*To do*
Print the listing exactly as it stands, and skip any pictures in it.

*Collected material*
===

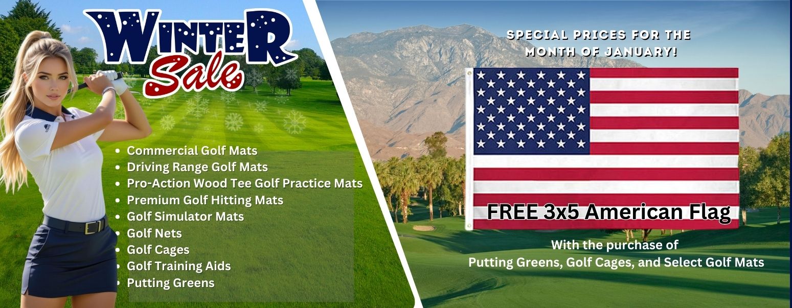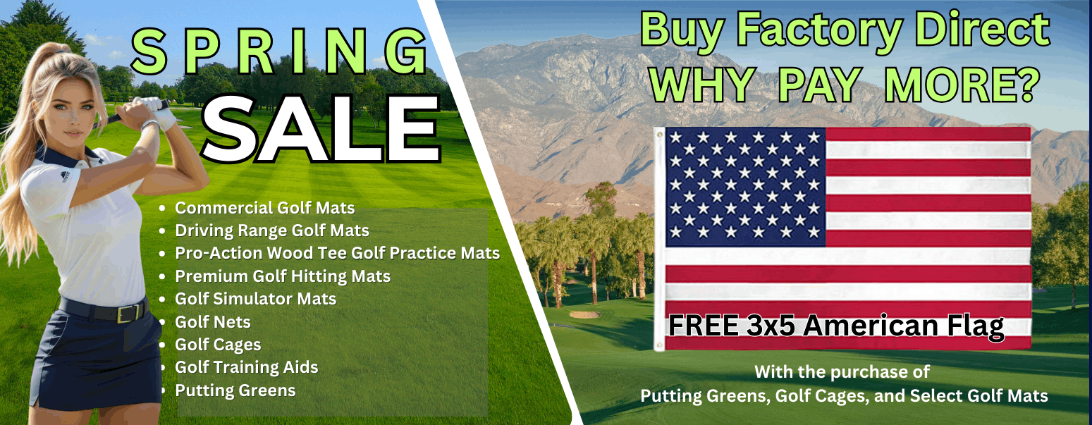 Buy Any Size Commercial Golf Mat and For A limited time, Patriotic Golfing Americans will also receive a Free 3x5 American Flag as a Bonus Gift. Why are we doing this? Simple We're promoting MADE IN THE USA, BY AMERICAN WORKERS.
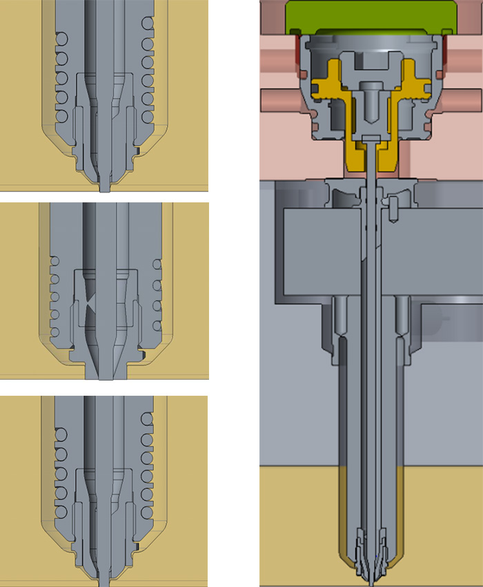 使用針閥式澆口,用閥針控制澆口閉合以便保持壓力時(shí)間。澆口凝固錢閥針關(guān)閉,與開放式澆口相比,針閥式澆口可縮短注塑周期。
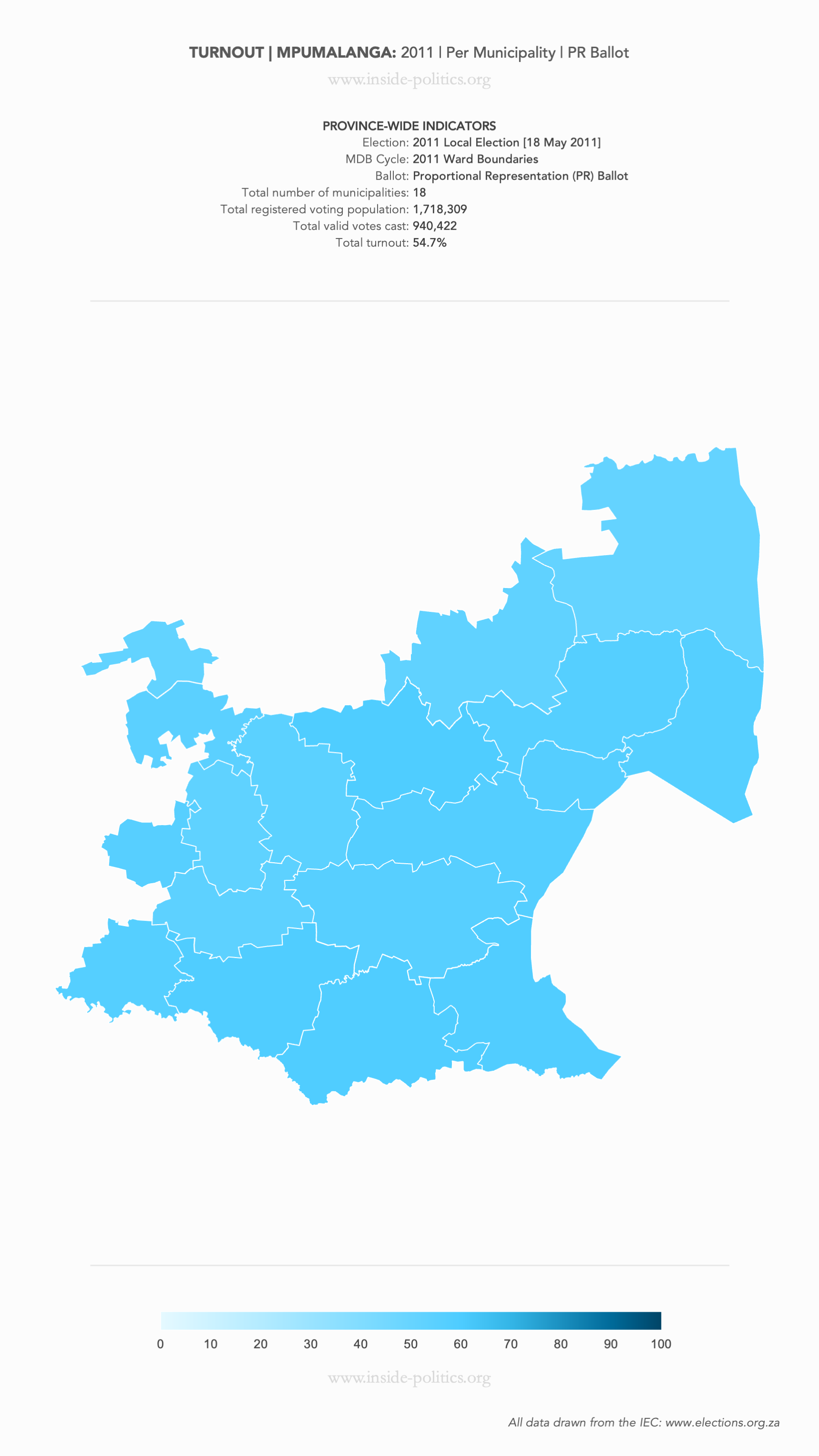 Heat Map: Mpumalanga | 2011 | Turnout by Municipality

===

*Written solution*
 Buy Any Size Commercial Golf Mat and For A limited time, Patriotic Golfing Americans will also receive a Free 3x5 American Flag as a Bonus Gift. Why are we doing this? Simple We're promoting MADE IN THE USA, BY AMERICAN WORKERS.
 使用針閥式澆口,用閥針控制澆口閉合以便保持壓力時(shí)間。澆口凝固錢閥針關(guān)閉,與開放式澆口相比,針閥式澆口可縮短注塑周期。
 Heat Map: Mpumalanga | 2011 | Turnout by Municipality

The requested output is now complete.